• **Work required**:
Please return all of the records verbatim, with the pictures omitted.

• **Records**:
▬▬▬▬▬▬▬▬▬▬

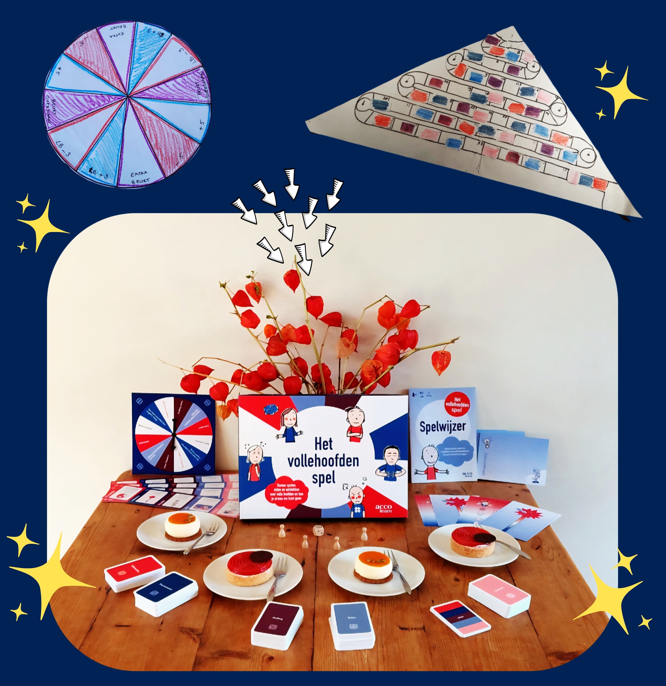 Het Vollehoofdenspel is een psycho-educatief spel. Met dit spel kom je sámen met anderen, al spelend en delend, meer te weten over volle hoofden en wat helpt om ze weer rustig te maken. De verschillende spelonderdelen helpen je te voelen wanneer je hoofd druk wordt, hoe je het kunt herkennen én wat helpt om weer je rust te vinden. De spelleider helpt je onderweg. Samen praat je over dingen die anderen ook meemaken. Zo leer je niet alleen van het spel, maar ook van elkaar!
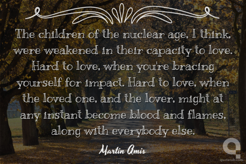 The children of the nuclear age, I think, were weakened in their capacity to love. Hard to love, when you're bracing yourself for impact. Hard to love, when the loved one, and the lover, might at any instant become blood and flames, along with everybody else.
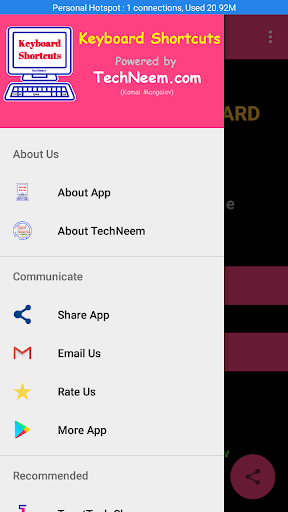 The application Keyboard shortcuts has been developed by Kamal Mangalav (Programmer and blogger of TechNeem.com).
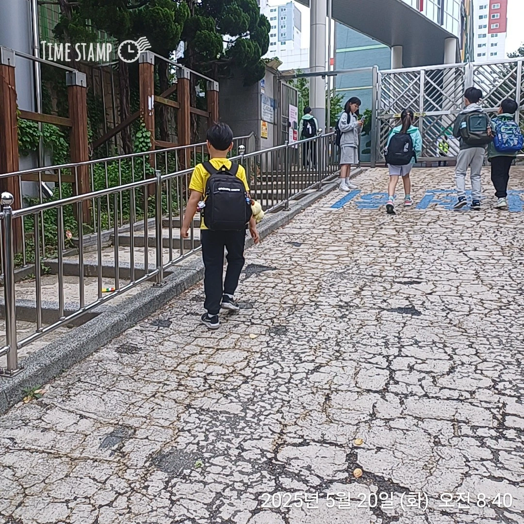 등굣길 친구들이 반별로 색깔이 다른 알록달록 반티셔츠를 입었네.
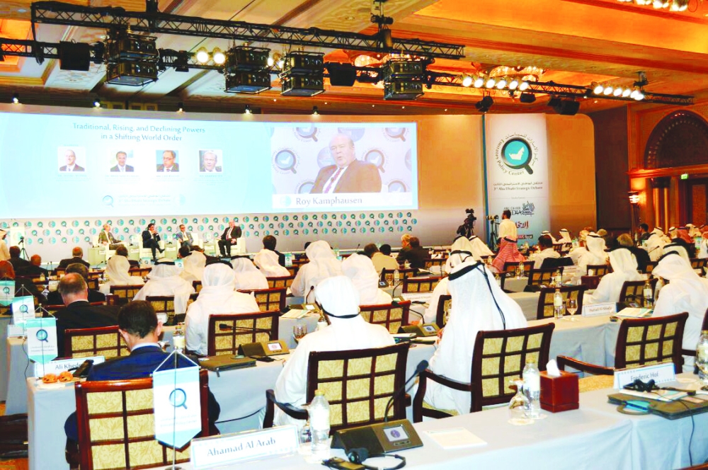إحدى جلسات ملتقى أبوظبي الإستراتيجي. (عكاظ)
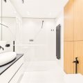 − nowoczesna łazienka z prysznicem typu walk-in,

▬▬▬▬▬▬▬▬▬▬

• **Completed task**:
 Het Vollehoofdenspel is een psycho-educatief spel. Met dit spel kom je sámen met anderen, al spelend en delend, meer te weten over volle hoofden en wat helpt om ze weer rustig te maken. De verschillende spelonderdelen helpen je te voelen wanneer je hoofd druk wordt, hoe je het kunt herkennen én wat helpt om weer je rust te vinden. De spelleider helpt je onderweg. Samen praat je over dingen die anderen ook meemaken. Zo leer je niet alleen van het spel, maar ook van elkaar!
 The children of the nuclear age, I think, were weakened in their capacity to love. Hard to love, when you're bracing yourself for impact. Hard to love, when the loved one, and the lover, might at any instant become blood and flames, along with everybody else.
 The application Keyboard shortcuts has been developed by Kamal Mangalav (Programmer and blogger of TechNeem.com).
 등굣길 친구들이 반별로 색깔이 다른 알록달록 반티셔츠를 입었네.
إحدى جلسات ملتقى أبوظبي الإستراتيجي. (عكاظ)
 − nowoczesna łazienka z prysznicem typu walk-in,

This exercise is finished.